--- EXCERPTED RECORDS ---
-- Opening Marker --
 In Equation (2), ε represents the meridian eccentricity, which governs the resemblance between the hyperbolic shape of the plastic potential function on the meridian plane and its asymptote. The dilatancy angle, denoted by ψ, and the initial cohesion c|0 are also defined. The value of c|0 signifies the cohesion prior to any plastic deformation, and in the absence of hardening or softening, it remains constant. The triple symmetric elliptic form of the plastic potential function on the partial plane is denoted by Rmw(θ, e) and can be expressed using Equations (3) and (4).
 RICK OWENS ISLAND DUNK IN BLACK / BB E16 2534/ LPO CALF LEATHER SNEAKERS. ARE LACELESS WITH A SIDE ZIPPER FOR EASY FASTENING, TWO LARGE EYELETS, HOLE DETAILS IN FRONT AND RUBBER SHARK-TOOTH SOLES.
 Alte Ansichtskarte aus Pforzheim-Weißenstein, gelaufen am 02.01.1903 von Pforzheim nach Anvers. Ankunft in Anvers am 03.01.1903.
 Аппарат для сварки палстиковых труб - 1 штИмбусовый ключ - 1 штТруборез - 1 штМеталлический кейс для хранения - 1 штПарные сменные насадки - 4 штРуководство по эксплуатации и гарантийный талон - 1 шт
-- Closing Marker --
-- Opening Marker --
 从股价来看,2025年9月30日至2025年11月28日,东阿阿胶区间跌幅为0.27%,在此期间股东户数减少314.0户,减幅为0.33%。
-- Closing Marker --
--- WHAT IS REQUIRED ---
From the material above, set down exactly the lines starting at the one with "RICK OWENS ISLAND" and ending at the one with "Аппарат для сварки", end lines included.

--- ANSWER BOX ---
 RICK OWENS ISLAND DUNK IN BLACK / BB E16 2534/ LPO CALF LEATHER SNEAKERS. ARE LACELESS WITH A SIDE ZIPPER FOR EASY FASTENING, TWO LARGE EYELETS, HOLE DETAILS IN FRONT AND RUBBER SHARK-TOOTH SOLES.
 Alte Ansichtskarte aus Pforzheim-Weißenstein, gelaufen am 02.01.1903 von Pforzheim nach Anvers. Ankunft in Anvers am 03.01.1903.
 Аппарат для сварки палстиковых труб - 1 штИмбусовый ключ - 1 штТруборез - 1 штМеталлический кейс для хранения - 1 штПарные сменные насадки - 4 штРуководство по эксплуатации и гарантийный талон - 1 шт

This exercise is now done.